## What to do
Write out the entries below once more, exactly, with the pictures left out.

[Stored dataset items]
= Beginning of Section =
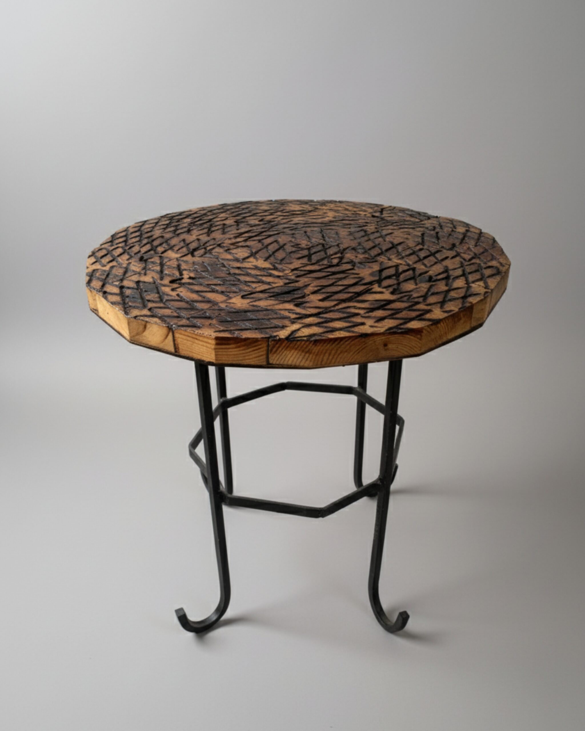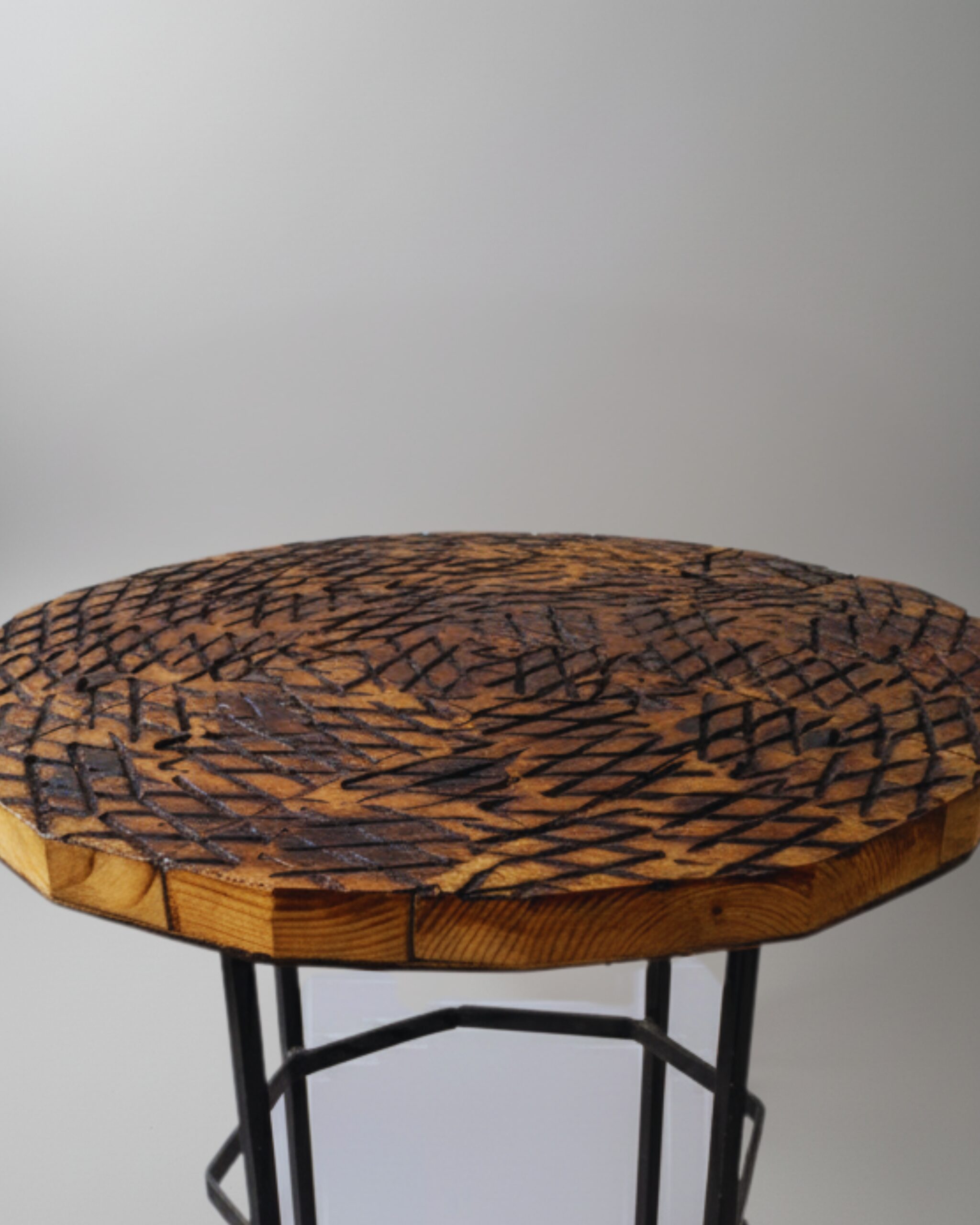 CHAR Side Table: Hand-Carved & Torched Wood Accent
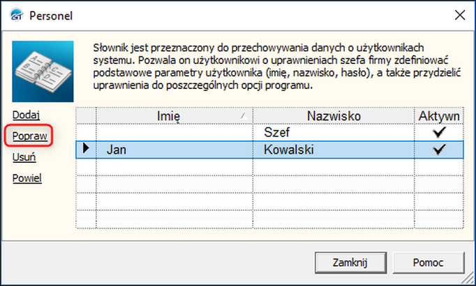 2. Zaznaczyć użytkownika, a następnie w celu edycji uprawnień wybrać Popraw.
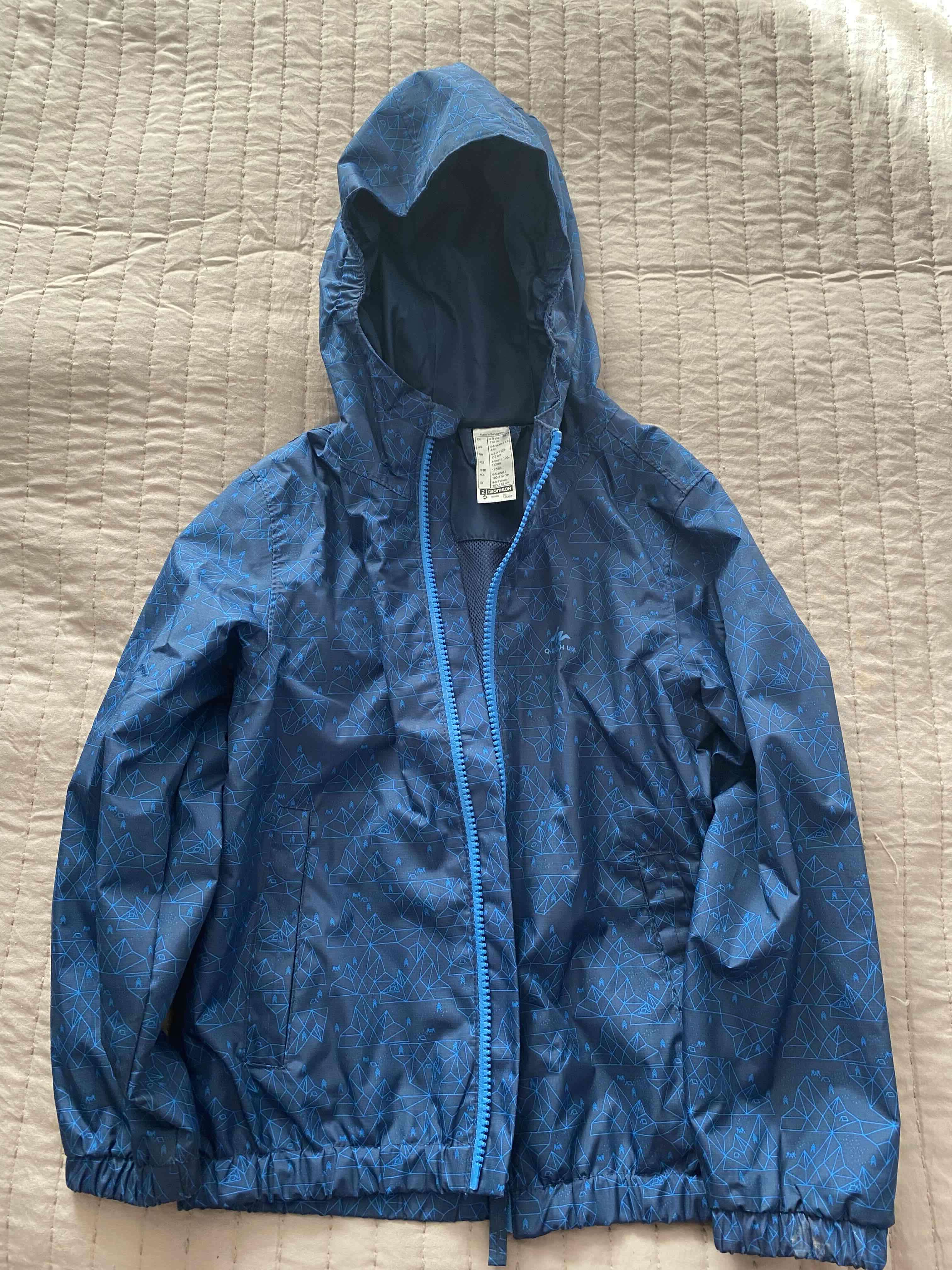 Chaqueta para niño en buen estado, ideal para días lluviosos. Diseño azul con patrones gráficos.
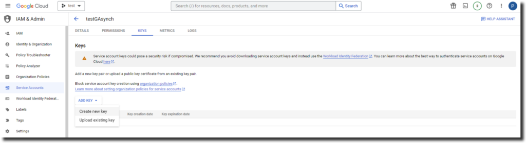 - Click on Create Key from the image above and select json your key file will be downloaded. Place this key file in the VAR directory of your website. Copy the exact name with extension “.json” and input it into the security Key in the configuration.
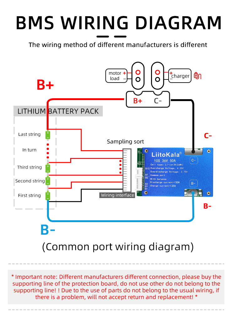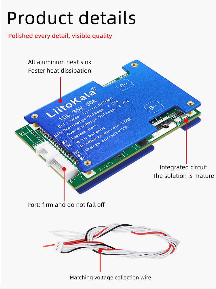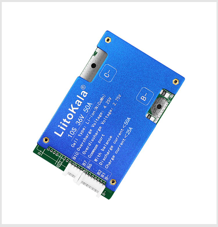 Brand:LiitoKalaModel:10S-36V50A-BMSDetection voltage: 42V±15MVDischarge current: <50ACharging current: <25ASize:86.5*55*10±1MM 115g
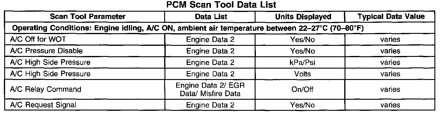 PCM Scan Tool Data List:
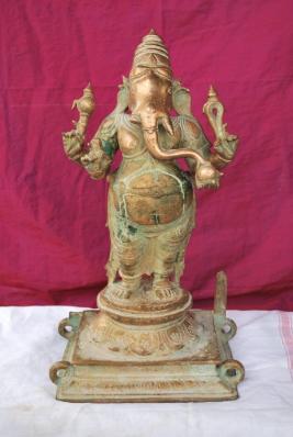 | Description / विवरण | Standing on padma peetam. Four rings are found in the corners of the square pedestal. The provision for inserting Tiruvasi in the right side is missing. Four hands. Upper hands carry Ankusa and Pasa. Lower hands carry broken tusk and fruit. Big belly. Wearing karanta makuta on the head. |
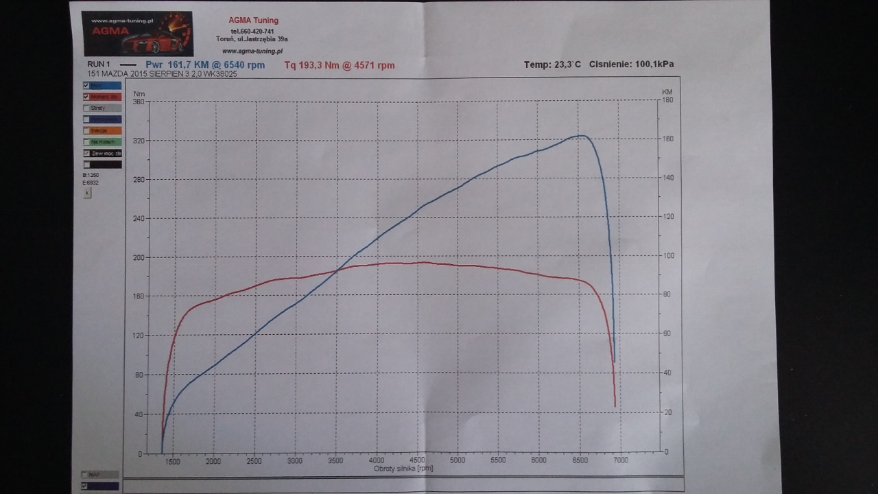 mazda po hamowni w Rykach – jak widać silnik nie trzyma fabrycznej mocy.
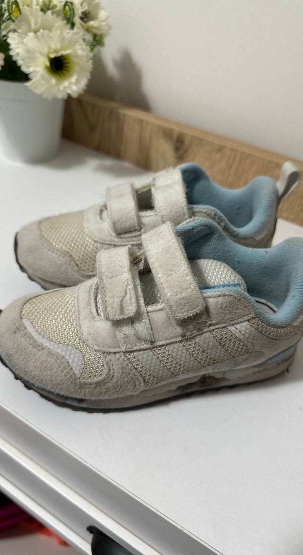 Gri ve beyaz renklerde, velcro bantlı, kauçuk tabanlı, desensiz erkek çocuk spor ayakkabısı.
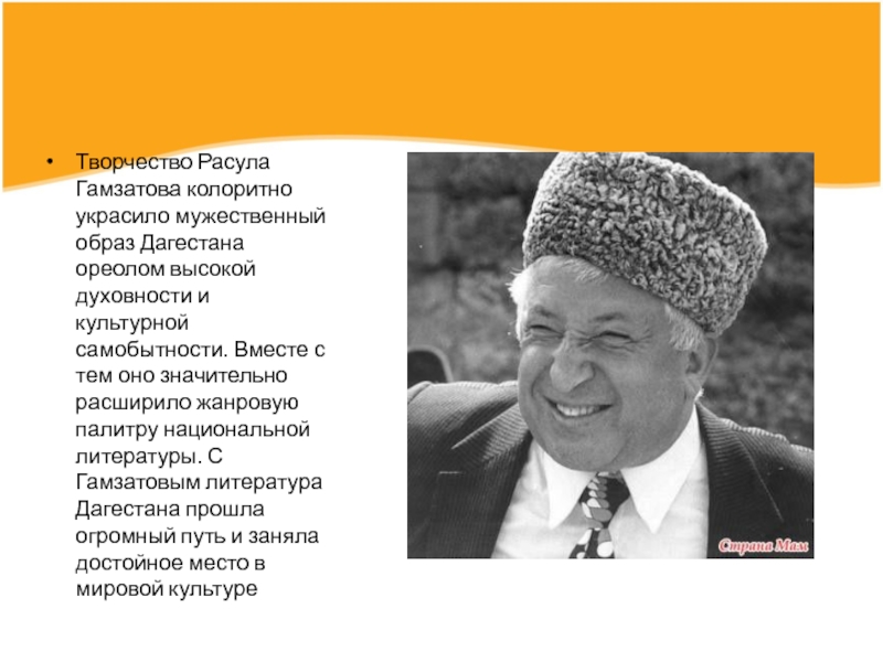 Слайд 9Творчество Расула Гамзатова колоритно украсило мужественный образ Дагестана ореолом высокой духовности
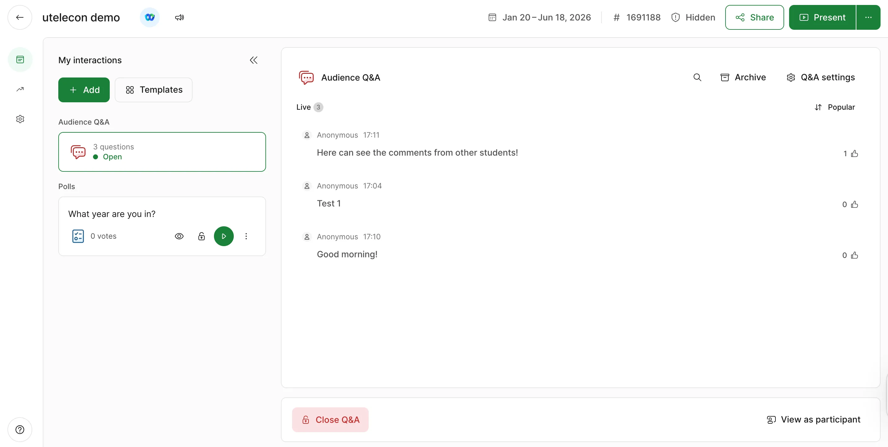 In Slido, the Q&A feature allows students to freely send questions and comments.
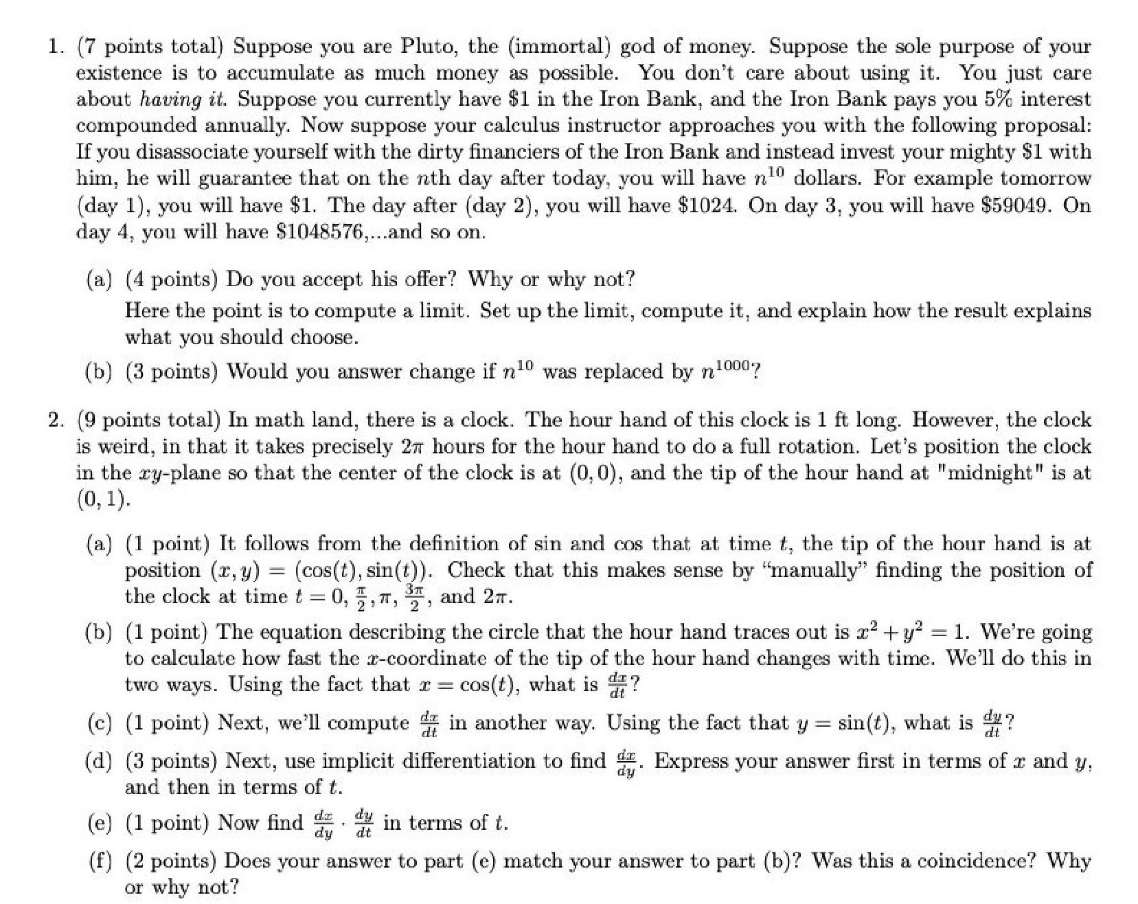 1. (7 points total) Suppose you are Pluto, the (immortal) god of mo...
= End of Section =
## Result for this exercise
 CHAR Side Table: Hand-Carved & Torched Wood Accent
 2. Zaznaczyć użytkownika, a następnie w celu edycji uprawnień wybrać Popraw.
 Chaqueta para niño en buen estado, ideal para días lluviosos. Diseño azul con patrones gráficos.
 - Click on Create Key from the image above and select json your key file will be downloaded. Place this key file in the VAR directory of your website. Copy the exact name with extension “.json” and input it into the security Key in the configuration.
 Brand:LiitoKalaModel:10S-36V50A-BMSDetection voltage: 42V±15MVDischarge current: <50ACharging current: <25ASize:86.5*55*10±1MM 115g
 PCM Scan Tool Data List:
 | Description / विवरण | Standing on padma peetam. Four rings are found in the corners of the square pedestal. The provision for inserting Tiruvasi in the right side is missing. Four hands. Upper hands carry Ankusa and Pasa. Lower hands carry broken tusk and fruit. Big belly. Wearing karanta makuta on the head. |
 mazda po hamowni w Rykach – jak widać silnik nie trzyma fabrycznej mocy.
 Gri ve beyaz renklerde, velcro bantlı, kauçuk tabanlı, desensiz erkek çocuk spor ayakkabısı.
 Слайд 9Творчество Расула Гамзатова колоритно украсило мужественный образ Дагестана ореолом высокой духовности
 In Slido, the Q&A feature allows students to freely send questions and comments.
 1. (7 points total) Suppose you are Pluto, the (immortal) god of mo...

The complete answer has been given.